Site archéologique du dolmen de Combe de Saule n° 2
Vestige néolithique d'une rare intégrité, ce dolmen du Quercy conserve sa dalle de couverture en place sur ses orthostates, niché dans un cairn circulaire aux couronnes de dalles encore lisibles.
Histoire
Au cœur du causse quercinois, dans la vallée encaissée du Célé, le dolmen de Combe de Saule n° 2 s'impose comme l'un des témoins les plus intacts de la préhistoire monumentale du Lot. Là où la plupart des sépultures mégalithiques de la région n'offrent plus que des squelettes de pierre dépouillés par les siècles, ce monument conserve une cohérence architecturale remarquable : la dalle de couverture repose encore sur ses montants verticaux, dits orthostates, comme au premier jour de son édification. Ce qui rend ce site véritablement singulier, c'est son insertion dans un cairn circulaire — un manteau de pierres sèches soigneusement agencé — dont la couronne de dalles de champ demeure bien visible dans la partie méridionale. Ce dispositif, caractéristique des pratiques funéraires du Néolithique récent et de la période Chalcolithique, révèle un soin architectural que l'on associe volontiers aux grandes constructions mégalithiques de l'Ouest atlantique, ici transposé dans le style propre au plateau quercinois. La chambre funéraire, ouverte au sud-est selon une orientation solaire classique dans les traditions mégalithiques, offre au visiteur une lecture presque immédiate de la logique constructive de ses bâtisseurs. On devine le geste précis des populations de cette période charnière entre pierre polie et premiers métaux : déplacer, dresser, couvrir, entourer — une architecture de la mort pensée pour durer des millénaires. Le cadre naturel renforce l'expérience : la Combe de Saule est un vallon discret, bordé de végétation dense et de falaises calcaires typiques du causse du Quercy. La proximité du village médiéval de Marcilhac-sur-Célé, avec son abbaye bénédictine et ses ruelles anciennes, invite à une journée entière de découverte patrimoniale allant du Néolithique au Moyen Âge. Pour le promeneur attentif, ce dolmen est une fenêtre ouverte sur cinq mille ans d'histoire humaine dans un paysage inchangé.
Architecture
Le dolmen de Combe de Saule n° 2 appartient à la famille des dolmens à couloir simplifiés, caractéristiques du Néolithique récent quercinois. Sa chambre funéraire, de plan sensiblement rectangulaire, est délimitée par plusieurs orthostates — des dalles calcaires dressées verticalement — sur lesquelles repose une dalle de couverture horizontale dont la présence in situ est exceptionnelle à l'échelle régionale. L'orientation de l'entrée vers le sud-est correspond à une convention architecturale fréquente dans les dolmens du Massif central, possiblement liée à des considérations rituelles ou astronomiques associées au lever du soleil.

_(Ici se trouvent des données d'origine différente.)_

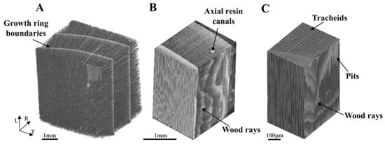 As a vital plant resource, softwood possesses distinctive anatomical characteristics [1], which support its extensive application in industries such as construction, pulp production, and furniture manufacturing [2]. These anatomical features primarily include axial tracheids, wood rays, axial parenchyma, and resin canals [3,4,5], which significantly influence wood growth, development, and environmental adaptability [6,7]. They also play crucial roles in the physical and mechanical properties of wood, which certainly determines the overall utilization value of timber [7,8]. For instance, the morphology and spatial distribution of axial tracheids influence the water transport capacity of wood [9], while the arrangement of wood rays is related to its compressive strength [10]. The detailed analysis of the morphological and spatial distribution of these internal anatomical characteristics provides accurate and comprehensive 3D data, which can aid in the development of advanced biomimetic wood materials. Moreover, such research enables a better understanding of the relationships between different hierarchical structures within wood, allowing for the optimization of wood processing techniques and usage to improve properties such as strength, stiffness, and resistance to deformation.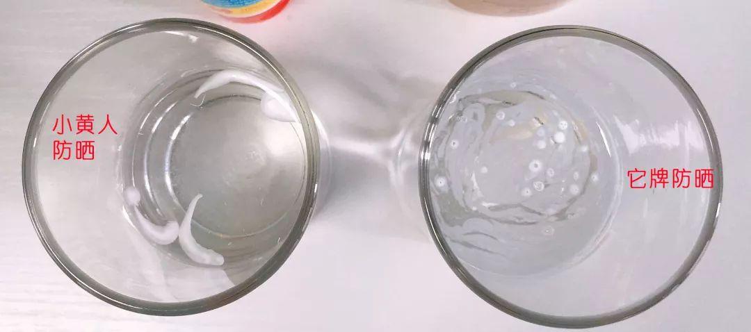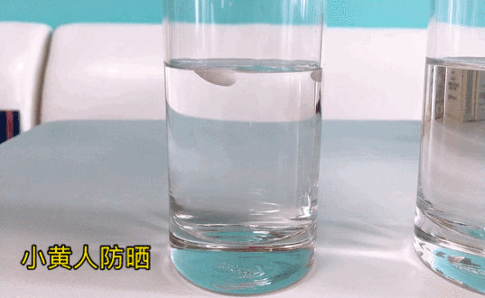 把不同的防曬分別投入水中,小黃人的霜體全部浮在水面上,而對比組的霜體秒沉水……說明小黃人的密度比水小,它牌防曬的密度比水大。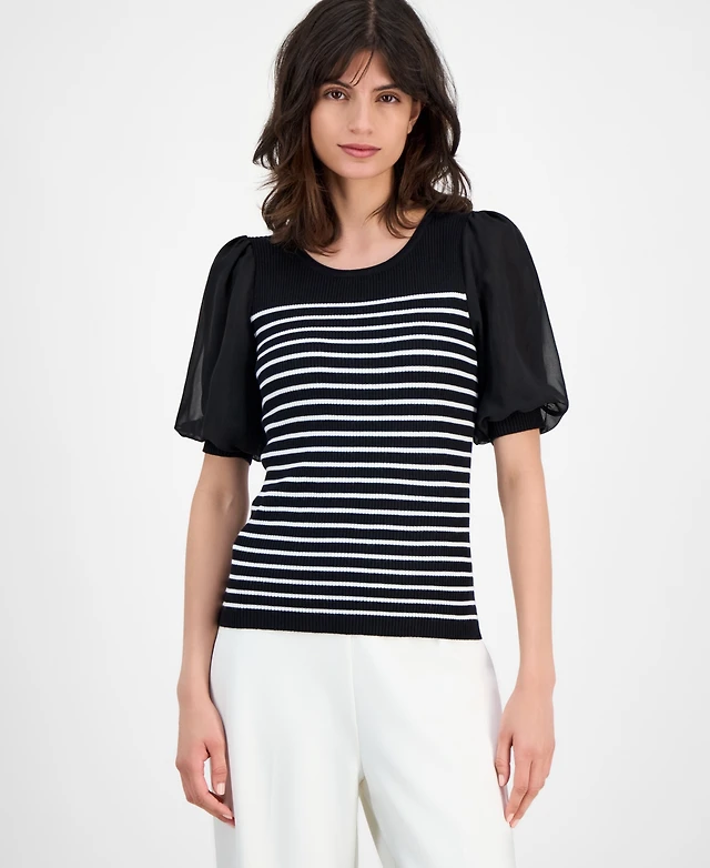 T Tahari Women's Striped Puffed-Sleeve Ribbed Top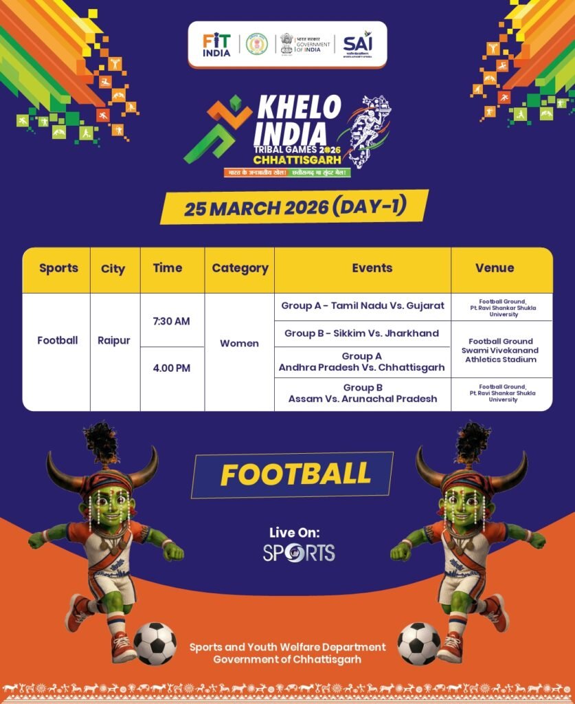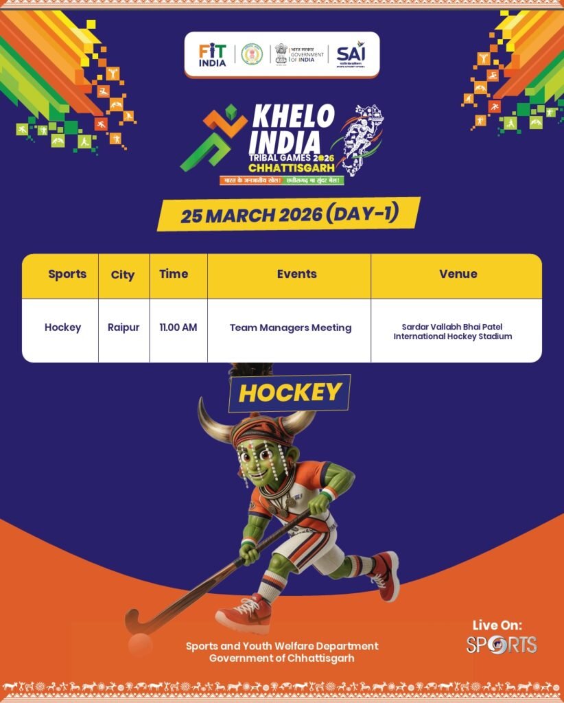 रायपुर 24 मार्च 2026। बुधवार 25 मार्च से शुरू हो रहे पहले खेलो इंडिया ट्राइबल गेम्स की मेजबानी के लिए छत्तीसगढ़ पूरी तरह तैयार है और राज्य के उपमुख्यमंत्री श्री अरुण साव का मानना है कि यह “राज्य के खेल पारिस्थितिकी तंत्र को बड़ा बढ़ावा देगा।” खेल एवं युवा कल्याण मंत्री श्री साव ने मंगलवार को आयोजित एक प्रेस कॉन्फ्रेंस में कहा कि खेलो इंडिया ट्राइबल गेम्स भारतीय खेल इतिहास में एक “मील का पत्थर” साबित होगा।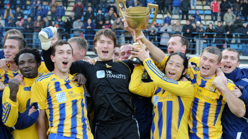 Virslīgas pēdējās kārtas spēlē FK "Ventspils" savā laukumā nospēlēja neizšķirti 0:0 ar "Skonto", tādējādi izcīnot 2011. gada Latvijas čempionu titulu. Foto: Romāns Kokšarovs, Sporta Avīze/F64 Photo Agency.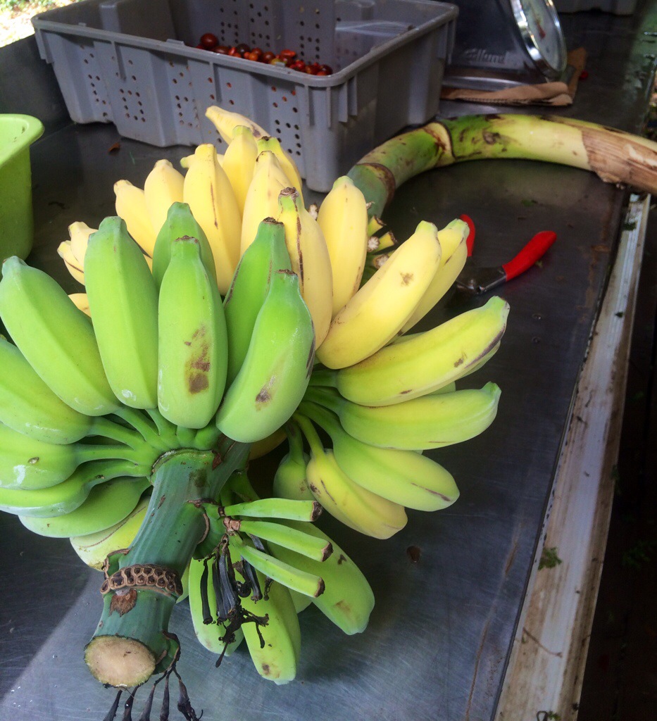 Sweet treats: passionfruit, bananas, fresh Mediterranean figs, fresh-cut zinnia flowers, artisanal bread from Tess, fresh local eggs from Marti Gotts’ chickens, and raw local honey!

L'élément le plus remarquable de la composition architecturale est le cairn circulaire dans lequel s'insère la chambre funéraire. Ce manteau de pierres sèches, vraisemblablement édifié en calcaire local, enveloppait et consolidait l'ensemble du monument tout en lui conférant une forme tumulus reconnaissable dans le paysage. Sa périphérie est délimitée par une couronne de dalles disposées en champ — c'est-à-dire sur leur tranche — formant une sorte de bordure architecturale dont la partie sud est encore parfaitement lisible aujourd'hui. Ce soin apporté à la définition des limites du monument trahit une conception sophistiquée de l'espace funéraire et de sa séparation symbolique du monde des vivants. Les matériaux employés sont exclusivement les calcaires de la région, abondants sur le causse quercinois et faciles à débiter en dalles. L'absence de traces d'outils métalliques sur les parements confirme l'attribution au Néolithique, où seuls les percuteurs de pierre, les coins en bois et la force humaine collective permettaient de déplacer et dresser ces masses de plusieurs tonnes.